# 160 keeper trout, 2000+ throw backs!



## Ranger R (Jun 24, 2004)

Eight of us with 3 boats, took off from Clems Marina. Fished a private, land based cabin. Winds were out of North and gusting to 35mph on the way down there. Fished with primarely artificials, however we tried dead and live shrimp. The *numbers were out of control*. (At times every cast resulted in a trout, mainly undersized) We kept the 160, two day trout limit. Only 5 keeper Redfish and 2 keeper flounder were kept.

Weather changed to southerly winds and gusting. Daytime fishing was non existant, but after dark was when the trout moved under the lights. In the early morning hours, the trout were so thick, I thought I was at the zoo feeding fish. Just drop your jig straight down and catch. Trout to 22 inches.

Thanks to Phil and Brian for invitation. (Others included, Jamie and his teenager son, David, Brooks and Dez)

I took over 250 pictures.....Pictures coming.
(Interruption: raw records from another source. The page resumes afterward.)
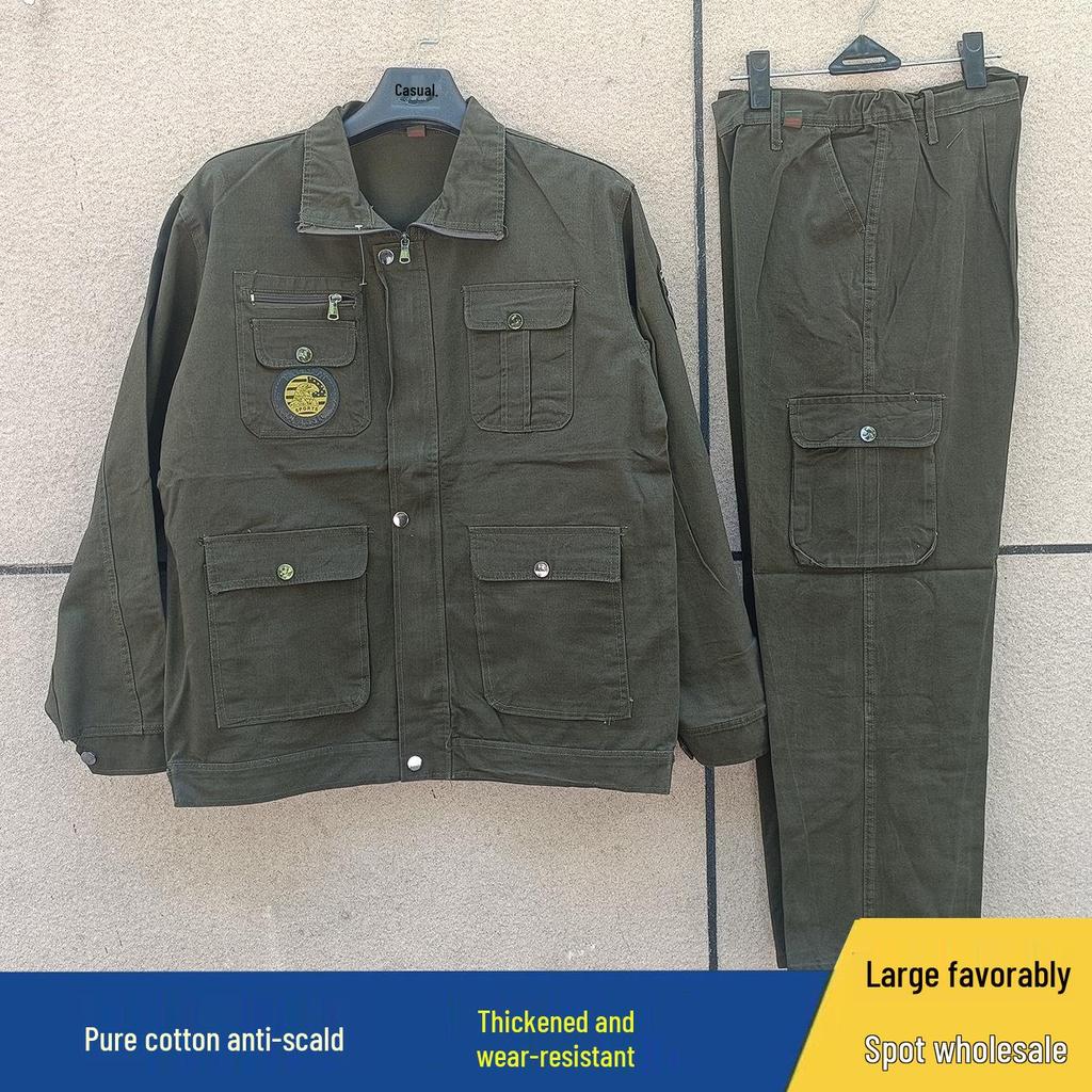 Men's and Women's Durable Army Green Cotton Workwear Set for Spring and Autumn
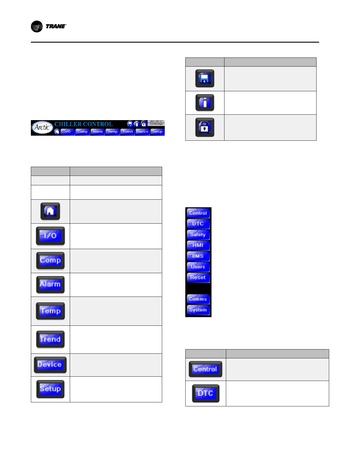 Displays chiller control page which includes setpoint
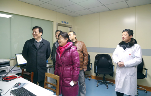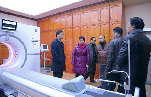随后,钭院长一行在张院长和刘书记等的陪同下,参观了临床医学院/附属医院门诊,普外、妇、产、儿病区,产房,CT室,介入室,磁共振室,24小时便利店,西院放疗科、乳腺科、休闲庭院等处。钭院长看到临床医学院/附属医院256排CT、直线加速器、磁共振等一批精尖设备高效运转,门诊和住院环境面貌焕然一新,非常感慨,并称赞临床医学院/附属医院就医体验改善突显人性化管理,教学科研获长足进步,优质服务彰显特色,“以病人为中心”服务理念贯穿始终。
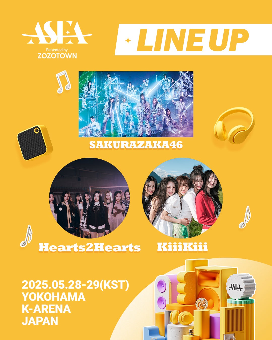 音楽とスター、そしてファンが一体となる、「ASIA STAR ENTERTAINER AWARDS 2025 in JAPAN Presented by ZOZOTOWN」(略称 ASEA 2025 Presented by ZOZOTOWN)が5月28日、29日に日本の横浜市にあるKアリーナ横浜で開催され、櫻坂46、Hearts2Hearts、KiiiKiiiが出演すると、3月31日にASEA組織委員会が公式発表した。
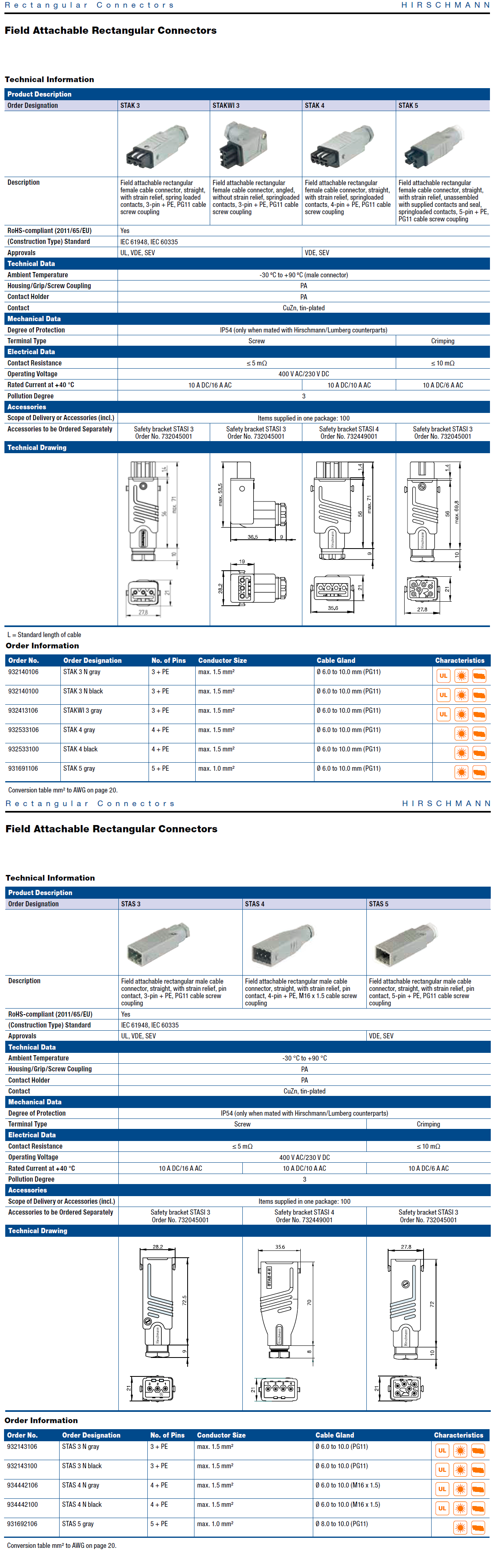 STAS 5 V0 – Rectangular Field Attachable Power Connector (ST Series): Male, straight with strain relief , 5-pin+PE, grey housing, 400 V AC/230 V DC, 10 A AC/6 A DC
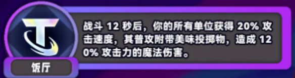 战斗12秒后,你的所有单位获得20%攻击速度,其普攻附带美味投掷物,造成120%攻击力的魔法伤害。
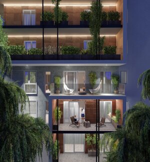 Complessivamente sono previste poco più di 50 unità immobiliari (dal 1° al 7° piano); mentre ai piani interrati sono collocate tutte le cantine ed i box auto.
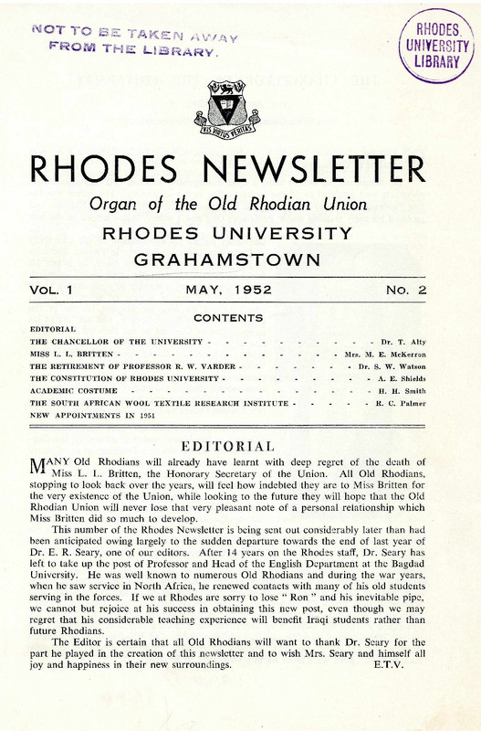 Rhodes University, Grahamstown, South Africa, “Rhodes Newsletter: Vol. 1, No. 2”, Rhodes University History Archive, accessed 29 December 2025, https://digitalarchives.ru.ac.za/s/ruha/item/7318
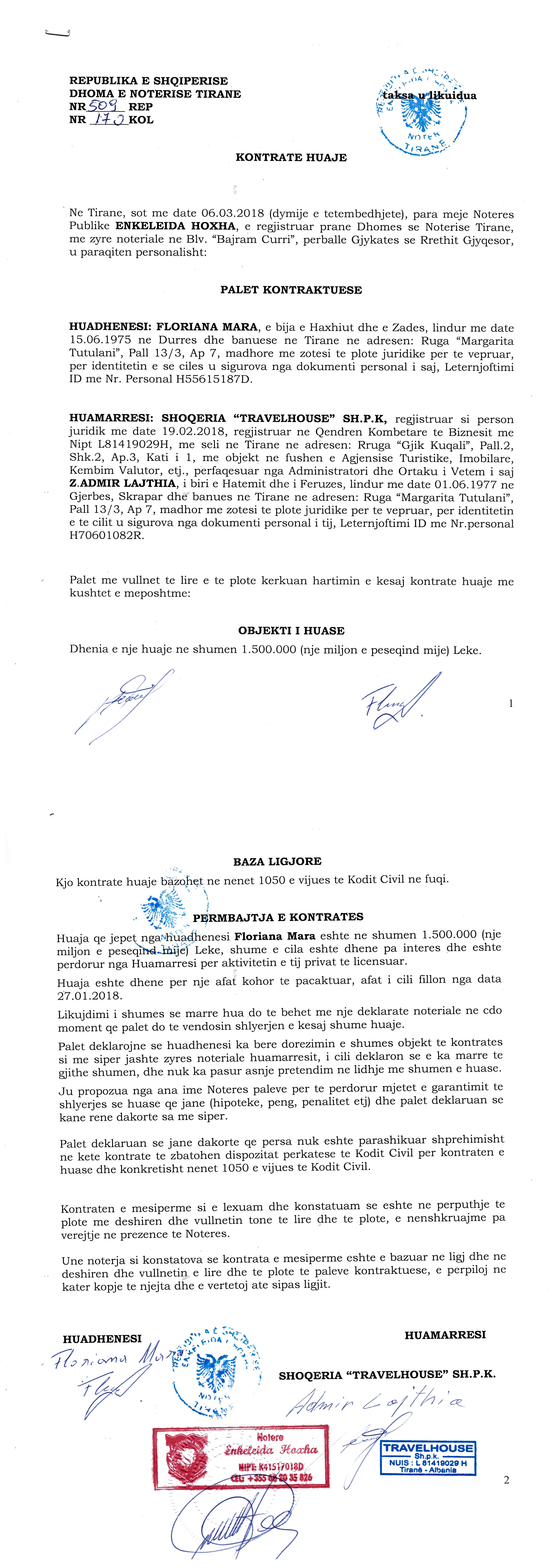 → Ekstrakt Historik i Regjistrit Tregtar date 01.09.2022 → Statuti i Shoqerise → Kontrate Huaje date 06.03.2018 → Vendim i Ortakut te Vetem, Zmadhim Kapitali date 16.03.2018 |
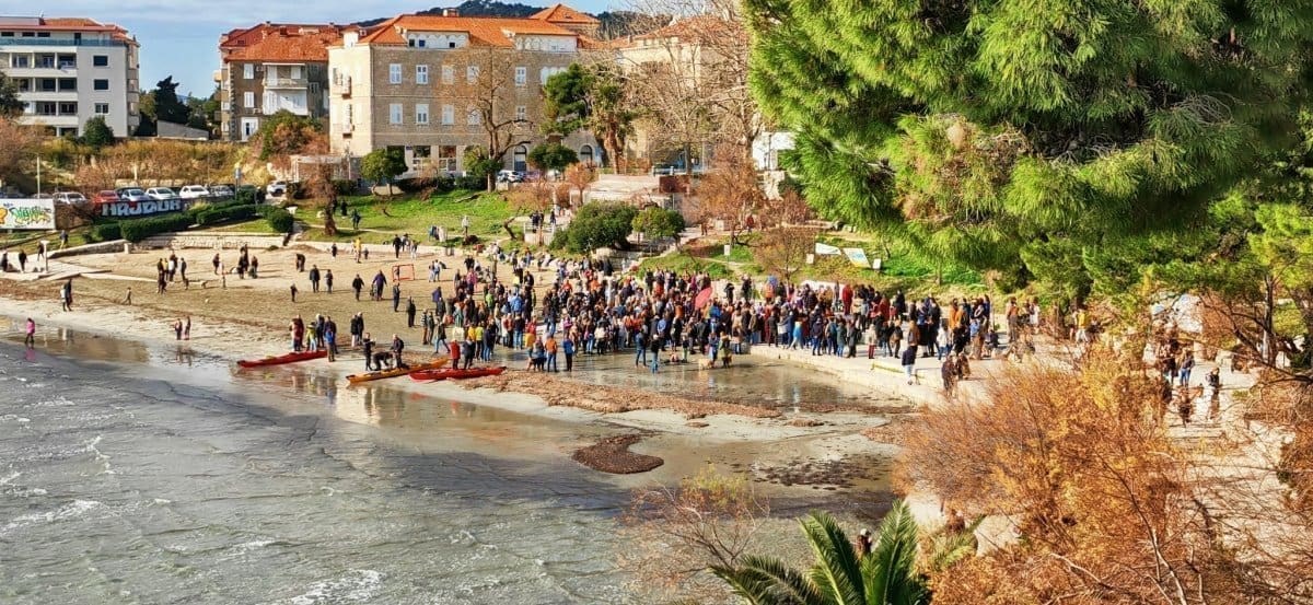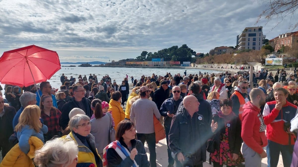 Stotinjak građana okupilo se na splitskoj plaži Bačvice gdje se održava mirno okupljanje građana kojim žele pokazati da su protiv, kako kažu, štetnog prijedloga Zakona o pomorskom dobru i morskim lukama.

PS: Do the math: Eight guys fishing. Catching a trout ever 2 minutes from 9pm to 4am for 4 nights.


----------



## Ranger R (Jun 24, 2004)

Pictures here..

http://www.austinbassfishing.com/forum/coastal-reports/26910-landcut-11-03-11-07-a.html


----------



## Ranger R (Jun 24, 2004)

FYI... We do this once a year during November. We fish North of Mile marker 21 and can keep up to a two limit, gutted only, before returning Bird Island or Clems Marina. We had 150 keepers. Sunday night we kept 10 more. Recounted several times and storing on ice after gutting.

See important TPWD laws below!

http://www.tpwd.state.tx.us/publications/pwdpubs/media/pwd_br_v3400_1160a.pdf


----------